It was like being underwater, being deep under water, like in those bottomless parts of the ocean where no light can reach, where the pressure itself is enough to crush a body into oblivion.  Were I conscious of the darkness, I would have been terrified, but my mind and body were one in absence.  I felt nothing.  I knew nothing.  I was nothing. 

And then, without warning, I started hurtling back toward the surface. 

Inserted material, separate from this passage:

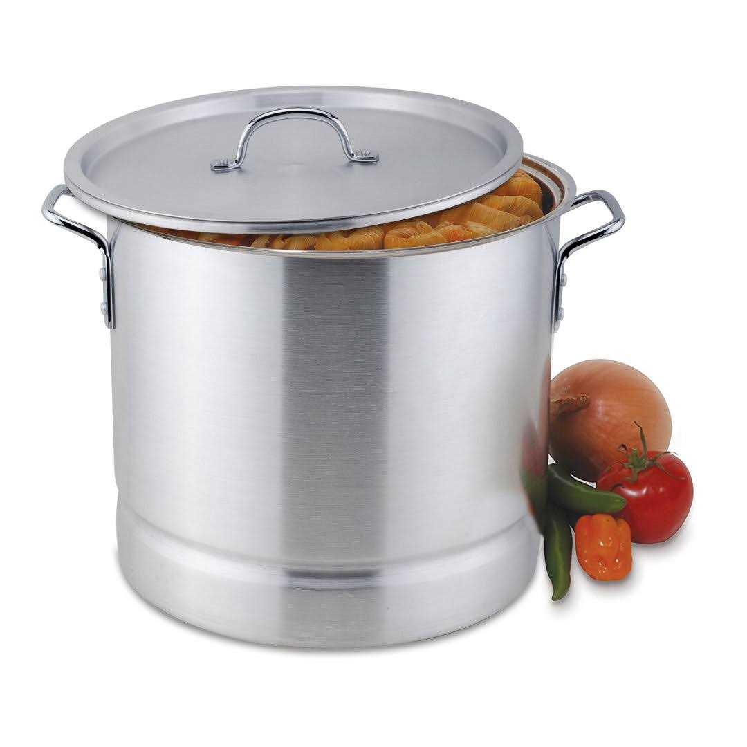 The Bene Casa 20Qt Aluminum Stock-Pot with Steamer, is not just excellent your Home, but great for Commercial Restaurant use as well. The Durability of the Aluminum make it perfect for Restaurants as they are lightweight and very durable, able to handle large quantities of back to back cooking. With the Steam Rack included, you can now easily use the you Stock-Pot to cook tamales, seafood and vegetables the healthy way. A matching, tight fitting stainless-steel lid keeps moisture and nutrients in for tastier, healthier food, with even, fast heating across the whole pot ensuring consistency for your cooking. The pot is perfectly sized for soup, chili and stew as well making it versatile for cooking. Its Solid Aluminum is made durable for long lasting wear making for multiple uses. This steamer pot has a coordinating lid to keep in heat and nutrients as well, while cooking. Its Riveted pot and lid handles stay cool for safe, easy carrying and cooking maneuverability.

Slowly, slowly, my senses returned, starting with my hands.  I felt something warm around one of them, like somebody was holding it tightly with both of their own.  The sensations crept up my limbs, bit by bit.  There were goosebumps on my arms; it was cold in the room.  A breeze blew down across my face and made my eyelids flutter.  I swallowed.  My throat was dry- and something plastic and painful had been forced down it.

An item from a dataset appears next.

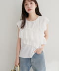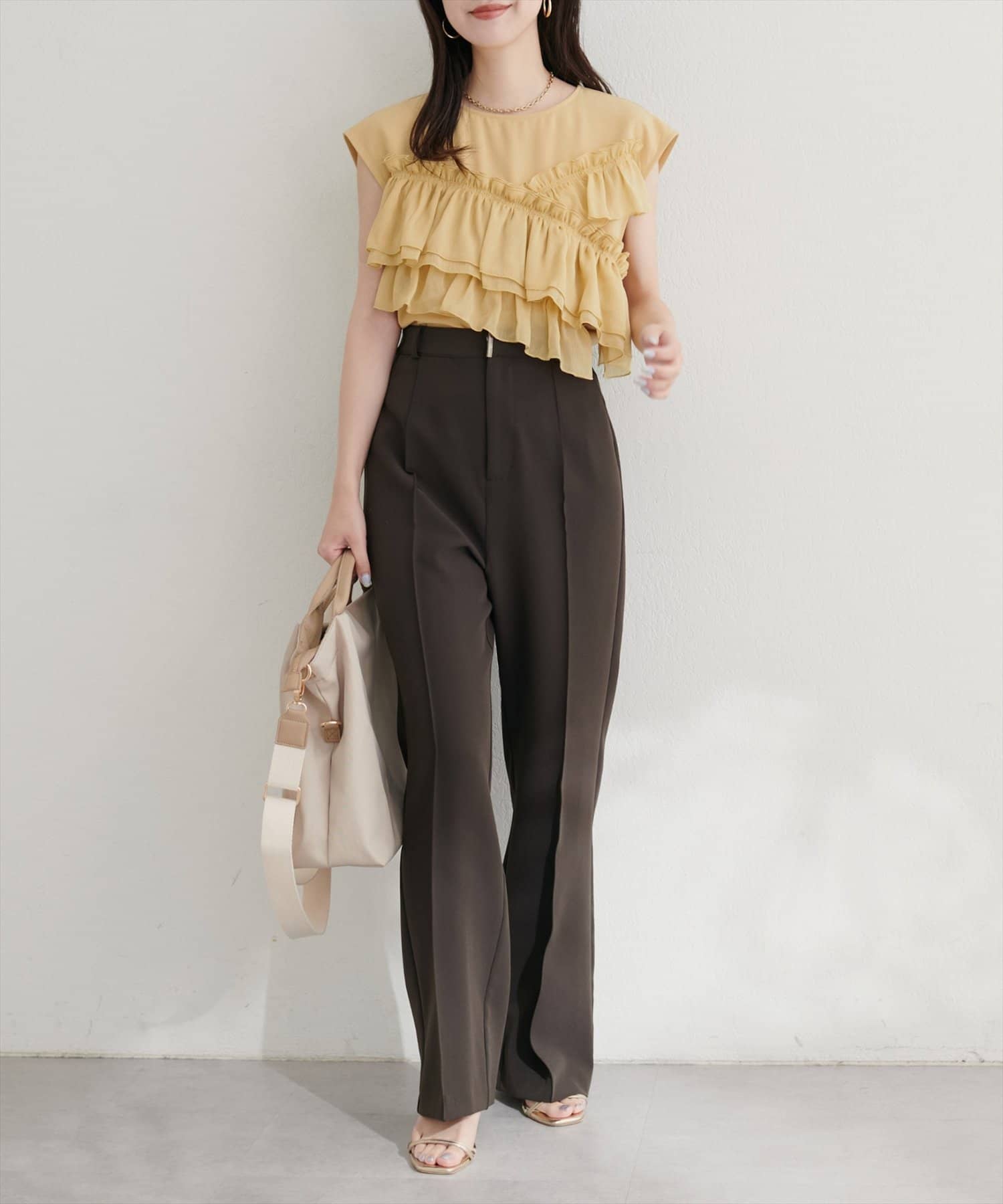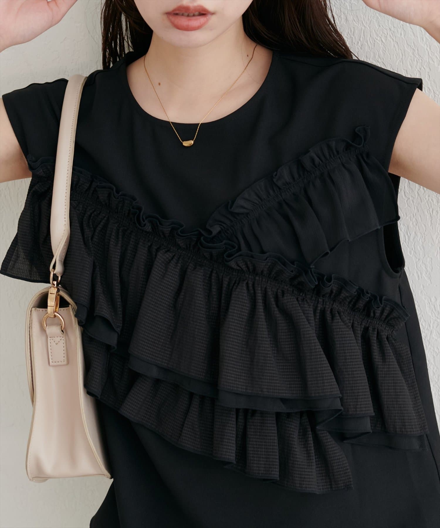 オフホワイト・ブラックは、それぞれ異なる素材のフリルがあしらわれこなれ感がプラス、イエローは同素材で一体感がプラス◎

Then, I heard broken voices drift limply into my ears.  A worried, low woman's voice.  "...You hear me, sweetheart?"

Blankly I thought about the voice.  After a moment, I recognized it to be that of my mother. 

Wait.  My mother?  What- what was she doing down here?  How did she get into the base?  It was a secret!  I had to be hallucinating. 

She kept trying to coax me awake.  "Julia?  Hey, Goose.  We're here, and we love you, can you hear us?  Can you-"

I moved my head a little, an attempt to nod.  My mother's worry turned into euphoria.  "Ian... Ian, look!  She's coming around!"

Now a somewhat more nasal tenor voice, soft with concern but pumped with hope, joined her.  "Julia!  Hey, sweetie.  Come on, open your eyes."

My dad was there, too?  What kind of family party was this?  All I needed now was for my brother Scott to join in, and the scene would be complete.

"Is she waking up?" Ah, right on cue, Scott!  "Hey, sis!  Hey!"

"Not so loud, Scott, come on," my mother chided, still gently slapping my wrist.  "She's been out for three days, she doesn't need anybody yelling at her."

That sounded normal, all right. 

I was back home.  Good old 2017.  That much I knew, that much of my brain was operational.  I was aware, but my emotions remained at a stand-still.  All I was concerned with doing right was pulling out of this vegetative state.

With my family cheering me on all at once, I began to stir.  I heard my dad call for some doctor to attend to me.  I wiggled my toes, lifted my hands, which were strangely so heavy at the moment.  The transport to 1977 hadn't been nearly this taxing.  Weird. 

All of a sudden there were many other voices blabbering on all around me while unfamiliar hands wrapped in latex manipulated and contorted me in ways I would have resisted had I been myself. 

Then something my mother had said hit me: "She's been out for three days."

Three days? 

Where was I?

At last, I had the strength and the courage to open my bleary eyes- which were immediately burned by the fluorescent lights above and all around.  Masked faces were peering down at me, checking my pulse, my blood pressure, my respiration, my whatever else they had to check.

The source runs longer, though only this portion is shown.